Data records

▼

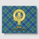 Clan Keith crest badge surrounded by a strap and buckle over tartan background. Custom front, back and spine text.
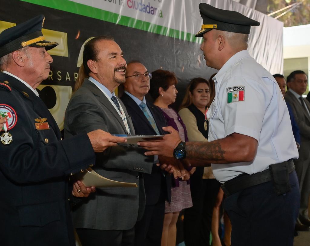 También destacó la profesionalización de los cuerpos de Emergencia y que Atizapán de Zaragoza, que cuenta con 50 bomberos y 24 paramédicos, es el primer municipio del País que tiene un curso de Técnico Básico en Gestión Integral de Riesgos.
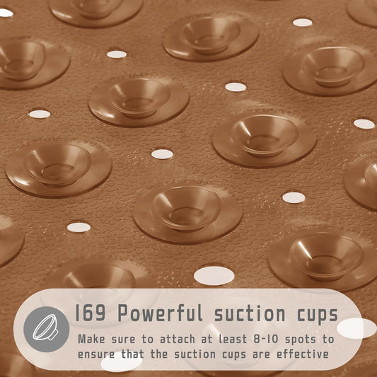 Shower Stall Mat Non Slip, 21X21 Inch, Soft Square Bath Mat for Shower with Suction Cups and Drain Holes, Stall Floor Mats for Bathroom, Machine Washable, Bathroom Accessories,Clear Brown
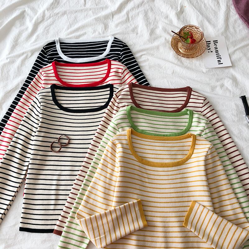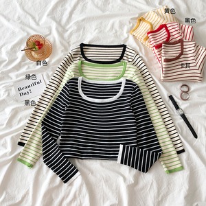 クレセントシティスクエアネックストライプニットレディース秋冬ウェア クレセントシティ95910469359
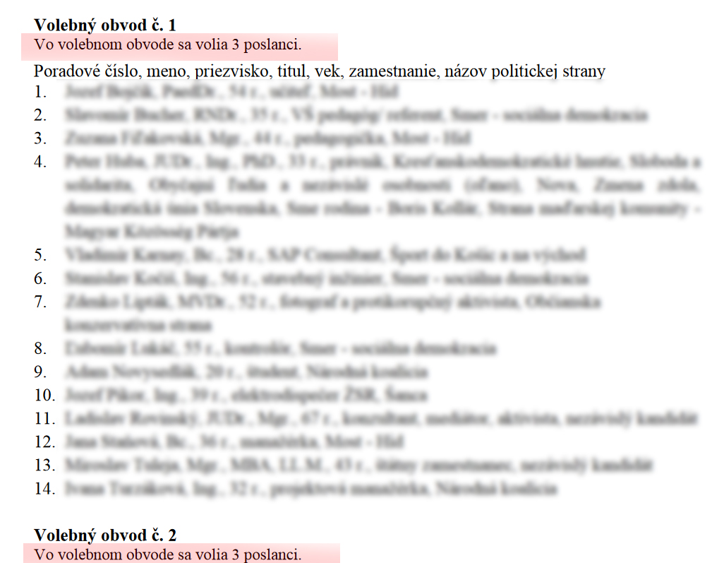 Pri volebných obvodoch však uvádza nepravdivý údaj a to, že: „ Vo volebnom obvode sa volia 3 poslanci“, čo nie je pravda. Správny údaj je, že: „ Vo volebnom obvode sa volia maximálne 3 poslanci“.
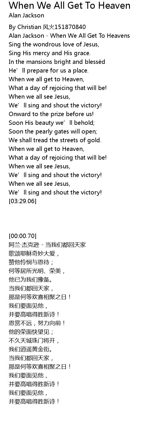 | [00:05.23] | Alan Jackson When We All Get To Heavens |

▲

TASK
Every line of the data above should be quoted exactly. Omit the pictures.

SOLUTION TO THIS PROBLEM
 Clan Keith crest badge surrounded by a strap and buckle over tartan background. Custom front, back and spine text.
 También destacó la profesionalización de los cuerpos de Emergencia y que Atizapán de Zaragoza, que cuenta con 50 bomberos y 24 paramédicos, es el primer municipio del País que tiene un curso de Técnico Básico en Gestión Integral de Riesgos.
 Shower Stall Mat Non Slip, 21X21 Inch, Soft Square Bath Mat for Shower with Suction Cups and Drain Holes, Stall Floor Mats for Bathroom, Machine Washable, Bathroom Accessories,Clear Brown
 クレセントシティスクエアネックストライプニットレディース秋冬ウェア クレセントシティ95910469359
 Pri volebných obvodoch však uvádza nepravdivý údaj a to, že: „ Vo volebnom obvode sa volia 3 poslanci“, čo nie je pravda. Správny údaj je, že: „ Vo volebnom obvode sa volia maximálne 3 poslanci“.
 | [00:05.23] | Alan Jackson When We All Get To Heavens |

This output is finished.